Among the records below, find the line with "- Battery Life: Listen" and the line with "Ende Juni wurde". Set down both and every line between, exactly and with no pictures, but nothing else.

*** Opening of Given records ***

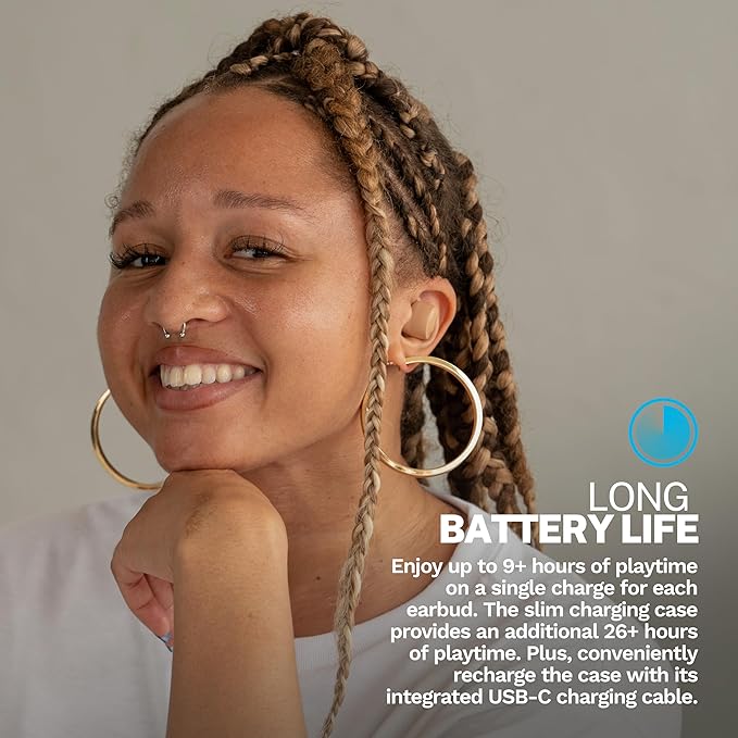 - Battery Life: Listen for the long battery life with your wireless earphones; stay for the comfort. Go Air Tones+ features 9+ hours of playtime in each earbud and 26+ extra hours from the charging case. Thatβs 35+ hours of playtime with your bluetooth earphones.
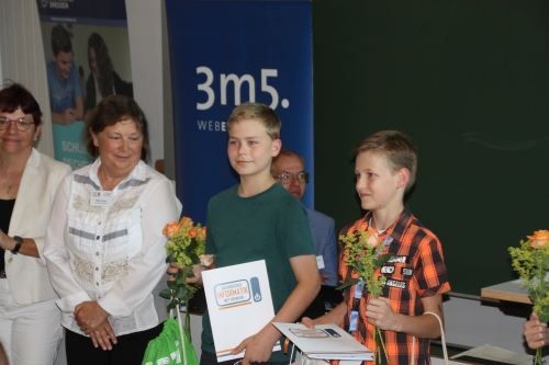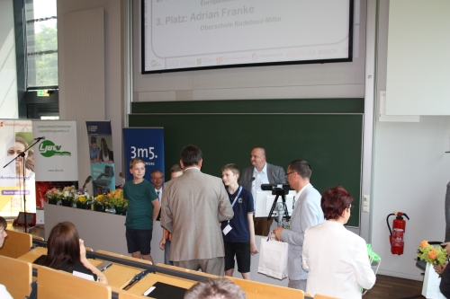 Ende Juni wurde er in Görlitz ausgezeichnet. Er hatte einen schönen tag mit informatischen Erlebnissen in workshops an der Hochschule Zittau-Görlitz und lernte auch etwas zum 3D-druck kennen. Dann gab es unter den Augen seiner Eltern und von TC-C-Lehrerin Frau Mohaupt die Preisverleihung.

*** Close of Given records ***
*** Opening of Given records ***

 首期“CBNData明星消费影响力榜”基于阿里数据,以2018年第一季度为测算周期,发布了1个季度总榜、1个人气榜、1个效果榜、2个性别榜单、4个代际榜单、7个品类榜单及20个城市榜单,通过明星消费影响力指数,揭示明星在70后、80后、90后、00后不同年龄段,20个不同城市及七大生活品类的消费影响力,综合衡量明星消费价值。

*** Close of Given records ***
*** Opening of Given records ***

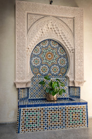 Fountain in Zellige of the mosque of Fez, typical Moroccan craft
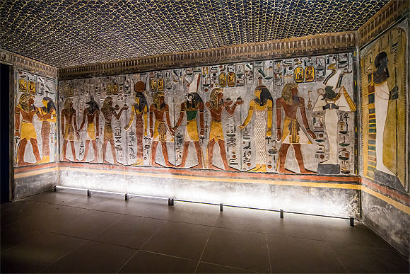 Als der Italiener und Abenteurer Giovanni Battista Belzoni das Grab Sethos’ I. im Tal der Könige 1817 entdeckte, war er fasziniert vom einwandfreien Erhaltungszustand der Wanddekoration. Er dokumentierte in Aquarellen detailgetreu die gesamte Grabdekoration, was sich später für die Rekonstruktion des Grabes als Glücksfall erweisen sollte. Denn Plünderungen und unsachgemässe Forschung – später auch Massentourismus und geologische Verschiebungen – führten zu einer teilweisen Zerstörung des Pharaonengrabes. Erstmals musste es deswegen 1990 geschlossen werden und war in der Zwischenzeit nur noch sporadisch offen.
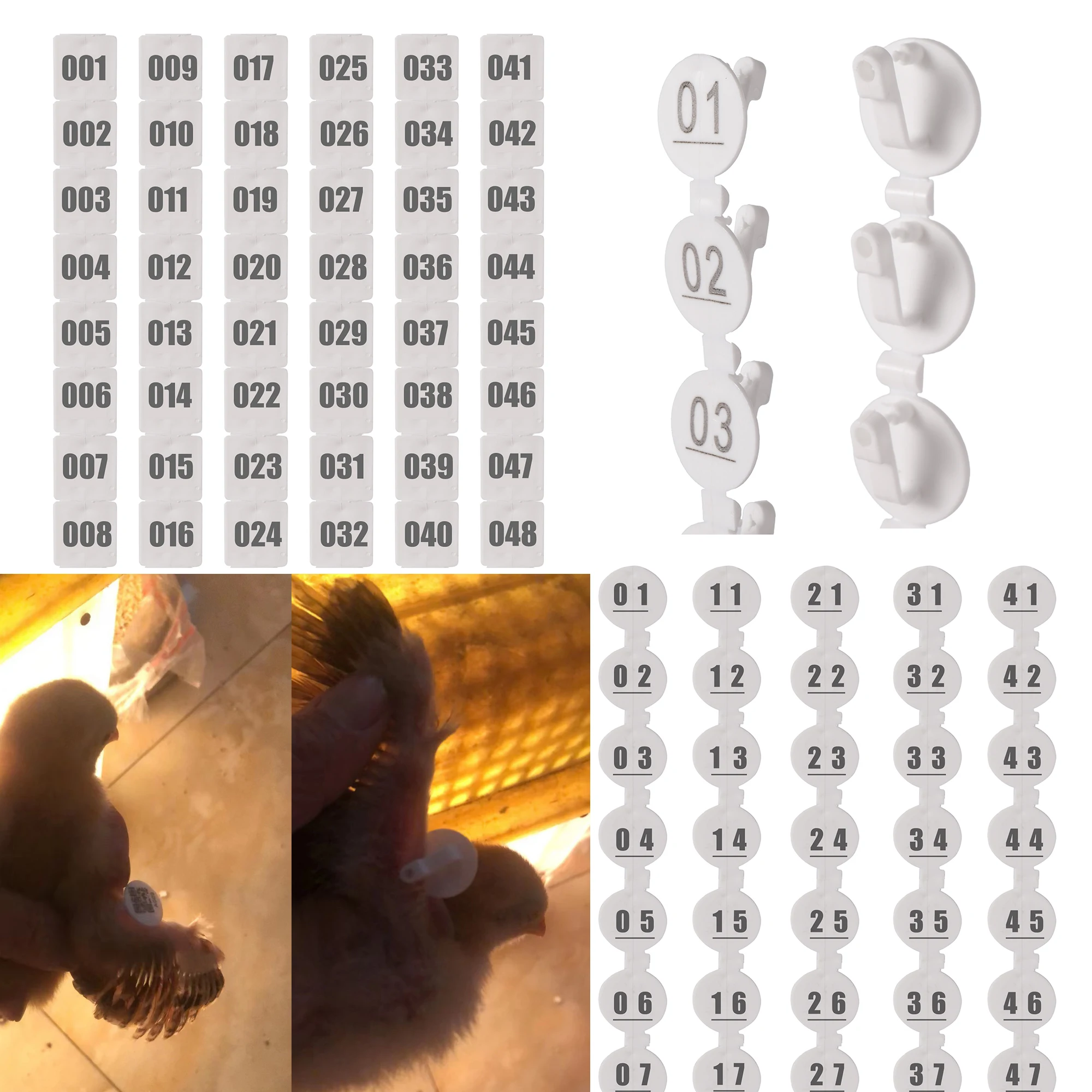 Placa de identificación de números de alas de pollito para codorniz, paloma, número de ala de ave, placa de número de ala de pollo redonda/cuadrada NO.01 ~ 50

*** Close of Given records ***

> Result for this task:
 - Battery Life: Listen for the long battery life with your wireless earphones; stay for the comfort. Go Air Tones+ features 9+ hours of playtime in each earbud and 26+ extra hours from the charging case. Thatβs 35+ hours of playtime with your bluetooth earphones.
 Ende Juni wurde er in Görlitz ausgezeichnet. Er hatte einen schönen tag mit informatischen Erlebnissen in workshops an der Hochschule Zittau-Görlitz und lernte auch etwas zum 3D-druck kennen. Dann gab es unter den Augen seiner Eltern und von TC-C-Lehrerin Frau Mohaupt die Preisverleihung.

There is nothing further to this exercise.